What comes to mind when you think of sweet sixteen? Pool parties, backyard barbecues, bowling, movies, sleepovers, these are some of the common ways to celebrate. A coming of age party, a step closer to adulthood, a rite of passage, and now, for some, a tragedy all too familiar.
On his 16th birthday, Santa Clarita Saugus High School shooter opened fire and shot five students, two of whom have passed away.
Thousands gathered this Sunday to pay homage to Dominic Blackwell and Gracie Anne Muehlberger, and their grieving friends and family.
Muehlberger's brother shared some precious moments and cherished memories, some from Gracie's last birthday party. Unfortunately,
Gracie or Dominic will never get the chance to celebrate their sweet sixteen. Two lives are lost, thousands scarred forever, because of gun
violence, once again.
Just this year, there were 85 school shootings recorded in the US.1 Children are the future, yet their present is filled with loss and
terror at such a young age. Student survivors face problems like PTSD, anxiety, substance abuse, and many others.
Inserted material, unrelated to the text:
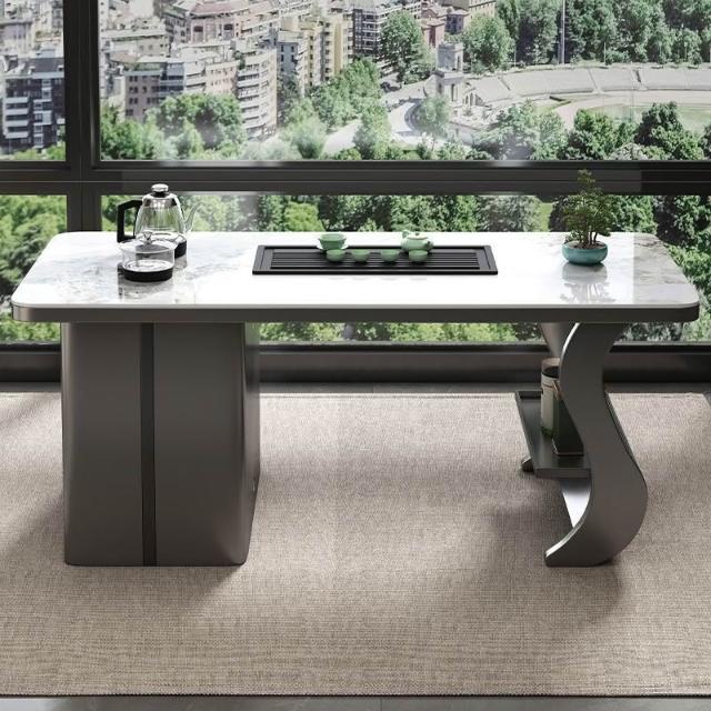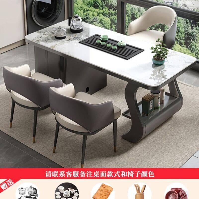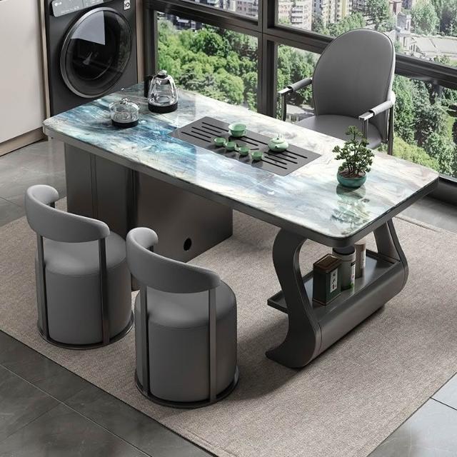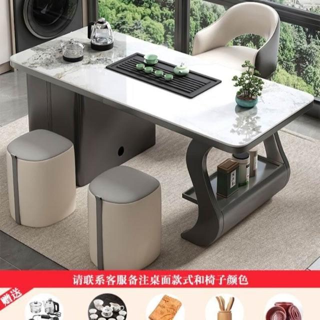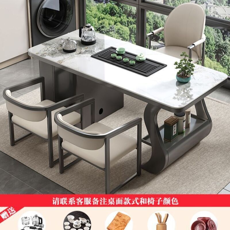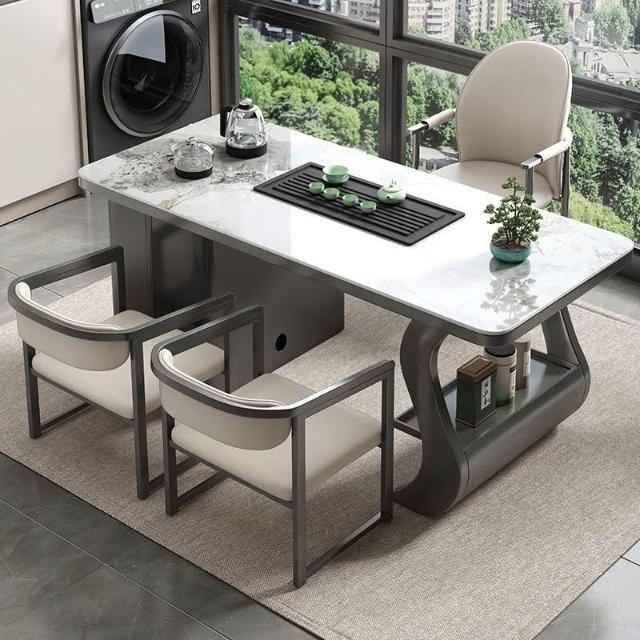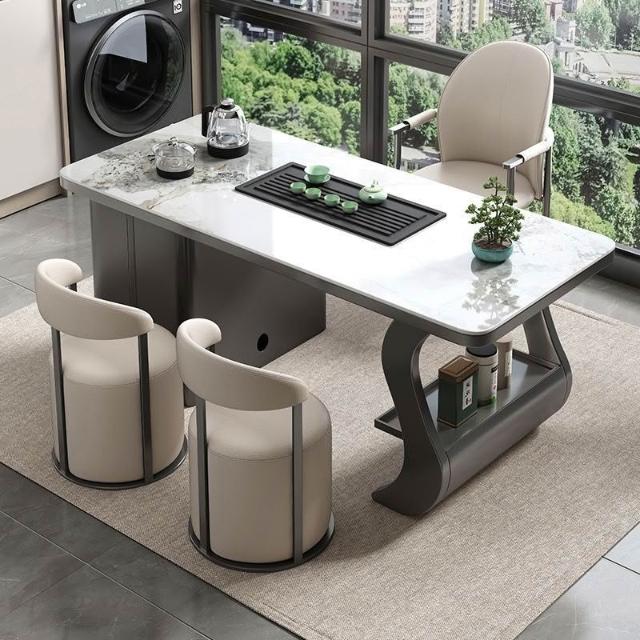 輕奢現代巖板奢石茶桌椅組合陽臺燒水壺一體茶桌辦公室小茶臺茶幾

Ironically, violence and mental illness are still intertwined in public perception. However, evidence shows the opposite. People with
mental illnesses make up only a small proportion of violent offenders.2 In the media and everyday life, mental health is being referred to as
the cause of mass shootings while becoming their painful byproduct.
After a conflict, large mammals perform several rituals as ways to forgive and care for one another.
What about us humans? At this rate, what rituals will we have to come up with to heal? Until when should kids have to mourn their friends? How many more uncelebrated birthdays because of a lack of sensible gun laws?
"Saugus Strong!" was the goosebump-giving chant heard before the high school playoffs. Once again, even with tears in their eyes, the
younger generation shows what's it like to be strong. I just wish it wasn't their only given choice.